The methods illustrated in, and discussed with respect to, FIGS. 1-7 that perform the operations described in this application are performed by computing hardware, for example, by one or more processors or computers, implemented as described above implementing instructions (e.g., computer or processor/processing device readable instructions) or software to perform the operations described in this application that are performed by the methods. For example, a single operation or two or more operations may be performed by a single processor, or two or more processors, or a processor and a controller. One or more operations may be performed by one or more processors, or a processor and a controller, and one or more other operations may be performed by one or more other processors, or another processor and another controller. One or more processors, or a processor and a controller, may perform a single operation, or two or more operations.


Instructions or software to control computing hardware, for example, one or more processors or computers, to implement the hardware components and perform the methods as described above may be written as computer programs, code segments, instructions or any combination thereof, for individually or collectively instructing or configuring the one or more processors or computers to operate as a machine or special-purpose computer to perform the operations that are performed by the hardware components and the methods as described above. In one example, the instructions or software include machine code that is directly executed by the one or more processors or computers, such as machine code produced by a compiler. In another example, the instructions or software includes higher-level code that is executed by the one or more processors or computer using an interpreter. The instructions or software may be written using any programming language based on the block diagrams and the flow charts illustrated in the drawings and the corresponding descriptions herein, which disclose algorithms for performing the operations that are performed by the hardware components and the methods as described above.
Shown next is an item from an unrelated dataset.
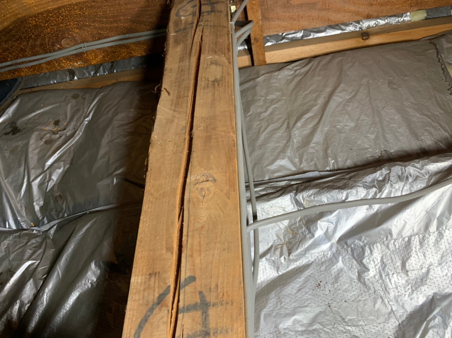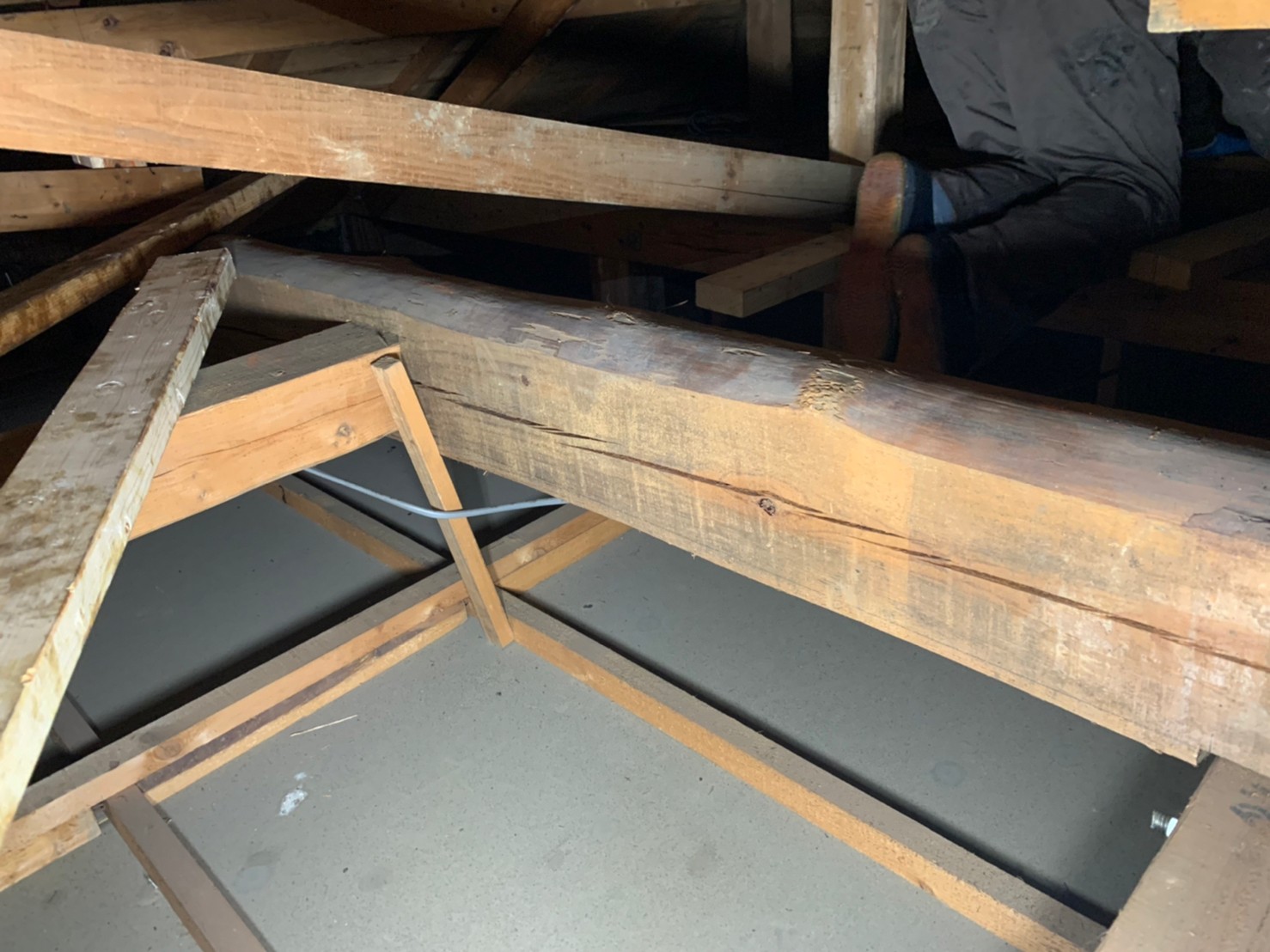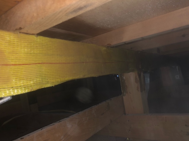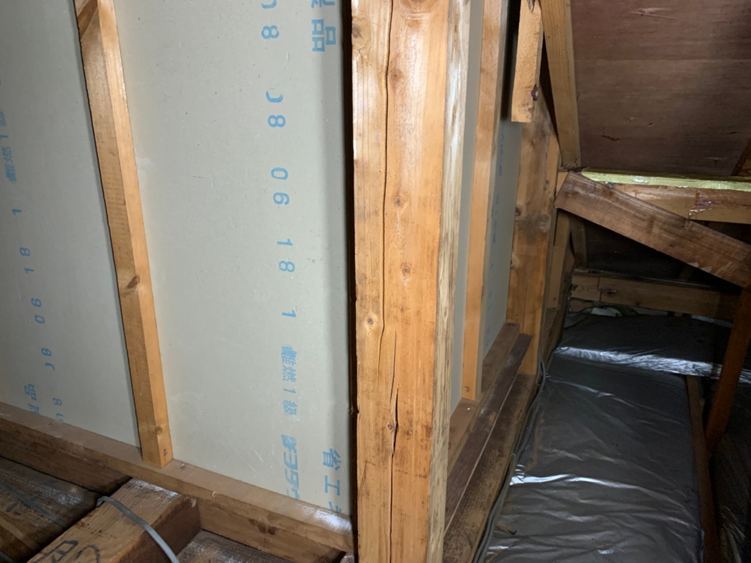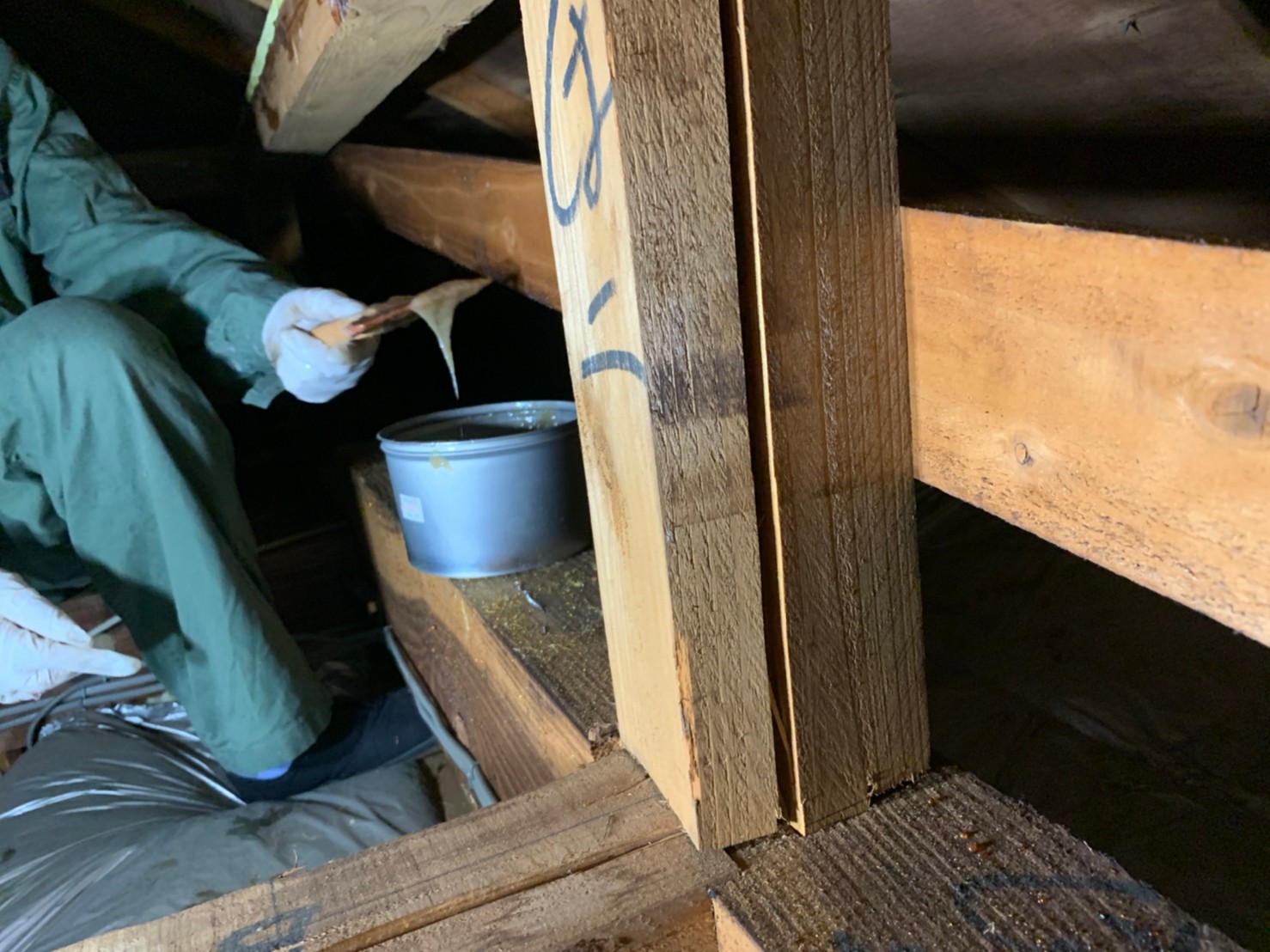 今回は小屋裏の木部に干割れが多数あったので、タフロンウッドP・アラミド繊維を使用して木部の補強工事を行いました。

The instructions or software to control computing hardware, for example, one or more processors or computers, to implement the hardware components and perform the methods as described above, and any associated data, data files, and data structures, may be recorded, stored, or fixed in or on one or more non-transitory computer-readable storage media, and thus, not a signal per se. As described above, or in addition to the descriptions above, examples of a non-transitory computer-readable storage medium include one or more of any of read-only memory (ROM), random-access programmable read only memory (PROM), electrically erasable programmable read-only memory (EEPROM), random-access memory (RAM), dynamic random access memory (DRAM), static random access memory (SRAM), flash memory, non-volatile memory, CD-ROMs, CD-Rs, CD+Rs, CD-RWs, CD+RWs, DVD-ROMs, DVD-Rs, DVD+Rs, DVD-RWs, DVD+RWs, DVD-RAMs, BD-ROMs, BD-Rs, BD-R LTHs, BD-REs, blue-ray or optical disk storage, hard disk drive (HDD), solid state drive (SSD), flash memory, a card type memory such as multimedia card micro or a card (for example, secure digital (SD) or extreme digital (XD)), magnetic tapes, floppy disks, magneto-optical data storage devices, optical data storage devices, hard disks, solid-state disks, and/or any other device that is configured to store the instructions or software and any associated data, data files, and data structures in a non-transitory manner and provide the instructions or software and any associated data, data files, and data structures to one or more processors or computers so that the one or more processors or computers can execute the instructions. In one example, the instructions or software and any associated data, data files, and data structures are distributed over network-coupled computer systems so that the instructions and software and any associated data, data files, and data structures are stored, accessed, and executed in a distributed fashion by the one or more processors or computers.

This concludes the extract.